If a servant is ordered to tend a horse that is dangerous and vicious, it is the duty of the master to warn the servant of the character of the risk he is about to take, if it is known to the master.

4. Same.

It is not necessary, in order to recover in such a case, to prove that the horse had previously done similar mischief to the knowledge of the defendant; it is sufficient that what the defendant previously knew of the disposition and conduct of the horse would lead a reasonable mind to infer that the horse was likely to behave as he did.

Appeal by defendant from judgment entered upon the verdict of a jury.

M. IÍ. Hirschberg, for app’lt; Francis G. Devlin, for resp’t.

Sedgwick, Ch. J.

The action is for damages alleged by the complaint to have been suffered by the plaintiff from his being-bitten and kicked by a vicious and dangerous horse, known by the defendant to be vicious and dangerous. At the time of the occurrence the plaintiff was employed by the defendant as hostler, and it was part of his duty to care for the horse. When he was injured he was in the stall, about to feed tlie horse.

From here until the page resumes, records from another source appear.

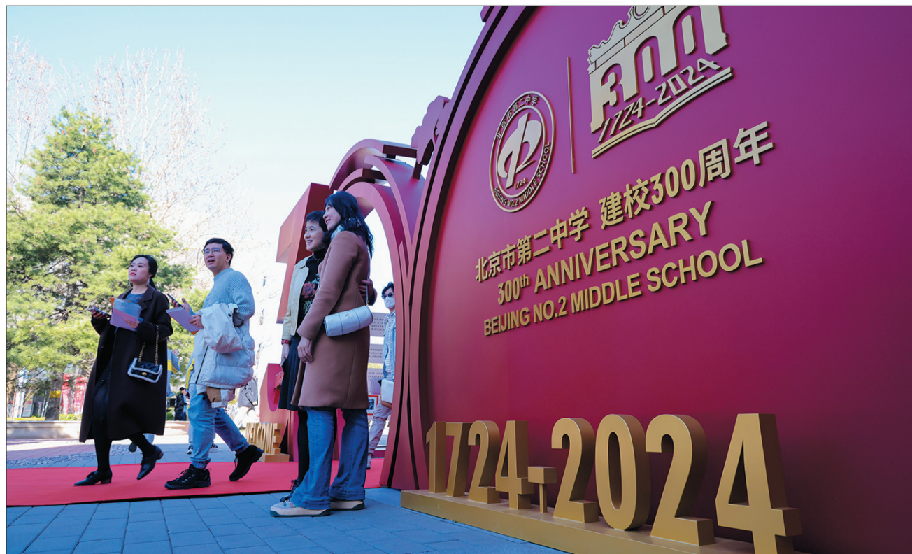
3月30日,北京市第二中学举办建校三百周年大会,回顾学校发展历程,共话教育高质量发展。

2024年,东城区将全速推进“崇文争先”,以实际行动弘扬使命价值,不断完善行政权力运行机制,持续建设一流营商环境,有力推动法治领域改革创新,将政府工作全面纳入法治轨道,助力谱写中国式现代化的东城新篇章。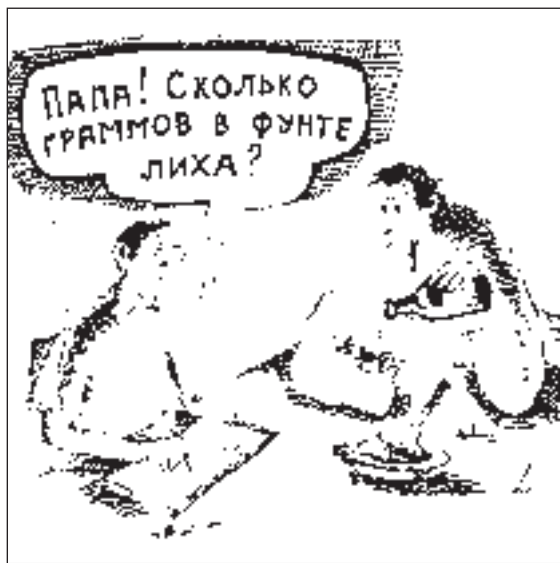
РИСУНОК АЛЕКСАНДРА ПРОХОРОВА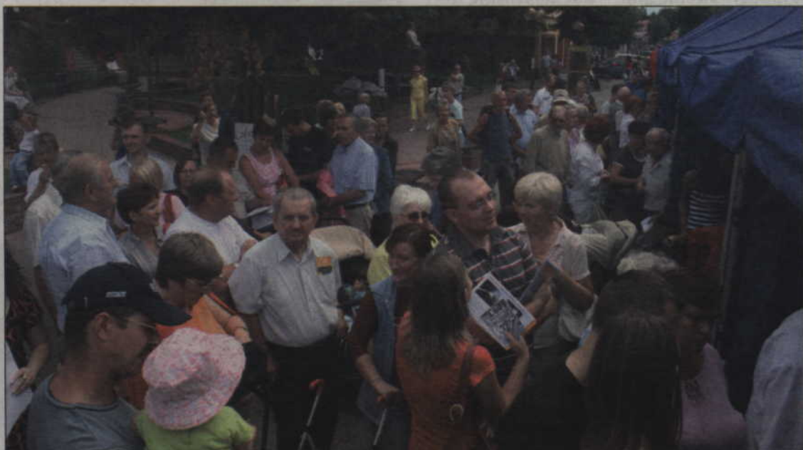
Stanowiska studentów Akademii Medycznej w Gdańsku były oblegane przez mieszkańców Kwidzyna.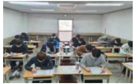
주말 모의고사 시간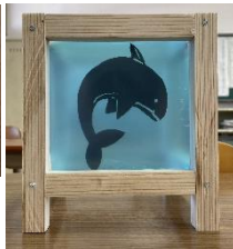
小国の木材を利用したランタン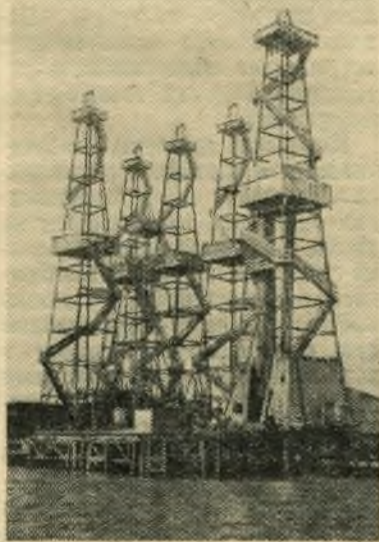
Баку. На морских нефтяных промыслах широко применяется так называемое кустовое бурение. Проходка нескольких нефтяных скважин ведется наклонно-направленным способом с одной площадки. Этот способ позволяет с меньшими затратами осваивать нефтеносные площади, находящиеся на дне Каспийского моря. С одной такой площадки пробуривается до 10 нефтяных скважин.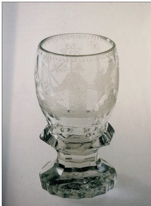
Ryc. 1. Szklanka/puchar z symbolami masońskimi, Hamburg, ok.1850 r., ze zbiorów Muzeum Historii Hamburga (wg Appel, Jaacks, Werner 2000, 45)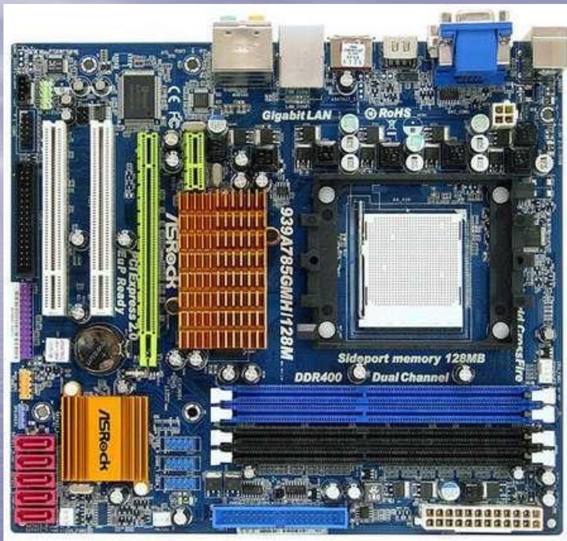
ASRock 939A785GMH128M - системная плата micro-ATX на чипсете AMD 785G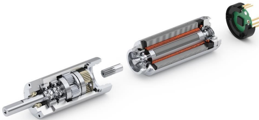
Sterilisierbares Antriebssystem mit BLDC-Motor, Getriebe und integriertem Encoder.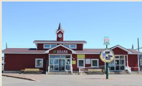
JR学園都市線太美駅

The first position taken for the appellant is that there was no evidence that the horse was dangerous and vicious or accustomed to attack and hurt any person handling and caring for him. On the circumstances in evidence, and on inferences that might be drawn from them, the plaintiff was entitled to the judgment of the jury on this point.

It is further argued that if the horse was vicious there was not the slightest proof that the defendant knew it. On the trial the plaintiff claimed that the relation of the employees of the defendant was of such a kind that their knowledge was the knowledge of the defendant One of these, named Totten, was the superintendent of the stable, which contained about 1,000 horses. It was the duty of the defendant to the plaintiff as its employee to use a reasonable degree of observation to ascertain the character of the horses, and to prevent any horse that was dangerous being kept in a stall for the work of a man upon it. If Totten was in the performance of this duty upon the delegation of the defendant, and that was a question of fact proper for the jury, the jury might have also competently found that Totten was informed of the viciousness of the horse and for that reason had caused him to be transferred from one floor to another. Under the circumstances proved, it should he held that Totten’s knowledge was the knowledge of the defendant.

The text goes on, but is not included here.